Question

What is the percent deprotonation of 1.34 x 10-2 M hydrosulfuric acid H2S (aq) solution? Ka = 9.1 x 10-8

Answer 1

To determine the percent deprotonation of hydrosulfuric acid (H2S) in a given solution, we need to calculate the concentration of the dissociated form (HS-) and compare it to the initial concentration of H2S.

The balanced equation for the dissociation of H2S is: H2S ⇌ H+ + HS-

Let's assume x represents the concentration of HS- formed.

Since the initial concentration of H2S is 1.34 x 10^-2 M, the initial concentration of H+ is also 1.34 x 10^-2 M.

Using the equilibrium expression for the dissociation of H2S, we have: Ka = [H+][HS-] / [H2S]

We can substitute the values into the expression: 9.1 x 10^-8 = (1.34 x 10^-2 - x)(x) / (1.34 x 10^-2)

To solve for x, we can simplify the equation: 9.1 x 10^-8 = (1.34 x 10^-2 - x)(x) / (1.34 x 10^-2) 9.1 x 10^-8 = (1.34 x 10^-2)(x) - x^2 / (1.34 x 10^-2) 9.1 x 10^-8 = 1.34 x 10^-2x - (x^2 / 1.34 x 10^-2) 9.1 x 10^-8 = 1.34 x 10^-2x - x^2 / 1.34 x 10^-2

Rearranging the equation: x^2 - (1.34 x 10^-2)x + (1.34 x 10^-2)(9.1 x 10^-8) = 0

We can solve this quadratic equation to find the value of x using the quadratic formula or other methods. After calculating, we find that x = 2.15 x 10^-5 M.
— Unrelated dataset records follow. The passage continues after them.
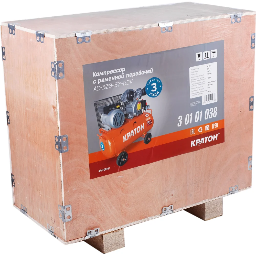 Купить Масляный компрессор с ременным приводом Кратон AC-300-50-BDV 3 01 01 038 по лучшей цене с доставкой - интернет магазин №1 в России
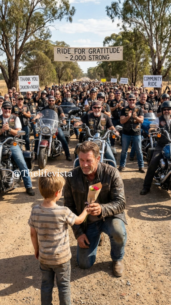 “This kid,” Jaxon said, “saved my life.” Word spread fast. The next weekend, 2,000 bikers, 2,000, rode into that small town. Engines thundered like a storm. People came out of their homes in fear, thinking trouble had arrived. But it wasn’t trouble. It was gratitude. They gathered at the little trailer park where Noah lived.
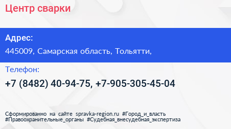 Центр сварки по адресу 445009, Самарская область, Тольятти, в дальнейшем Организация, размещена в следующих категориях:
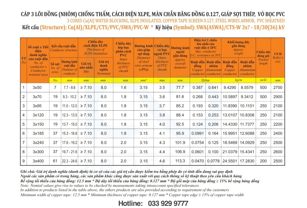 – Vật liệu: cách điện XLPE vỏ bọc PVC, Fr-PVC hoặc HDPE
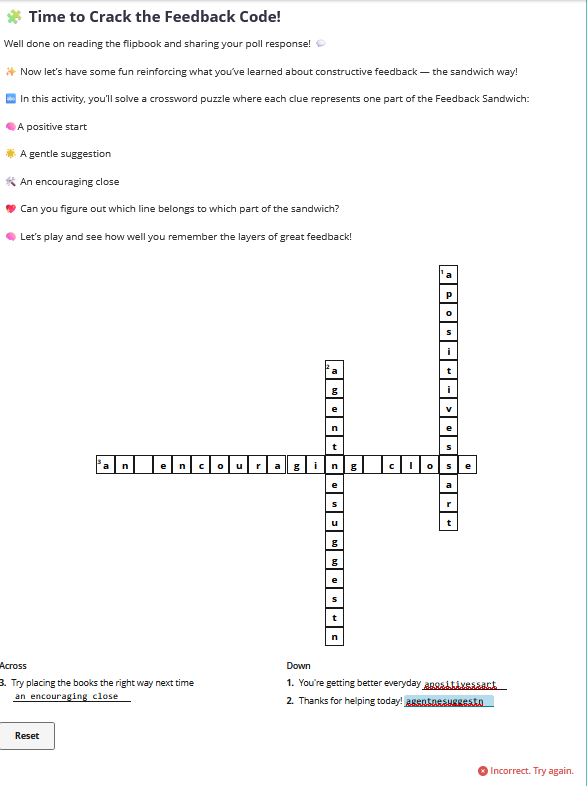 the problem with crossword and categorise feedback question. i've done multiple time but still can't complete the system
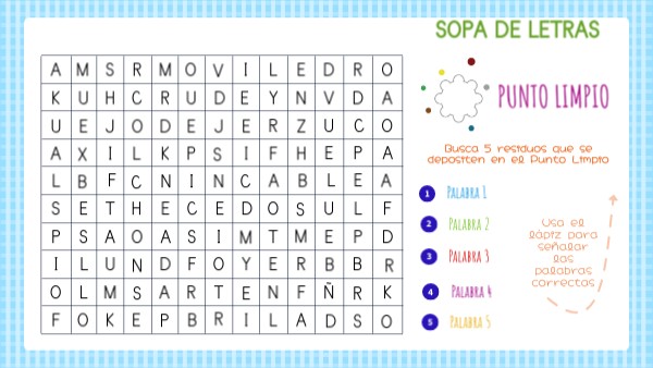 Busca 5 residuos que se depositen en el Punto Limpio

Now, we can calculate the percent deprotonation of H2S: Percent deprotonation = (concentration of HS- / initial concentration of H2S) * 100 Percent deprotonation = (2.15 x 10^-5 M / 1.34 x 10^-2 M) * 100 Percent deprotonation = 1.60 x 10^-2%

Therefore, the percent deprotonation of the 1.34 x 10^-2 M hydrosulfuric acid (H2S) solution is approximately 1.60 x 10^-2%.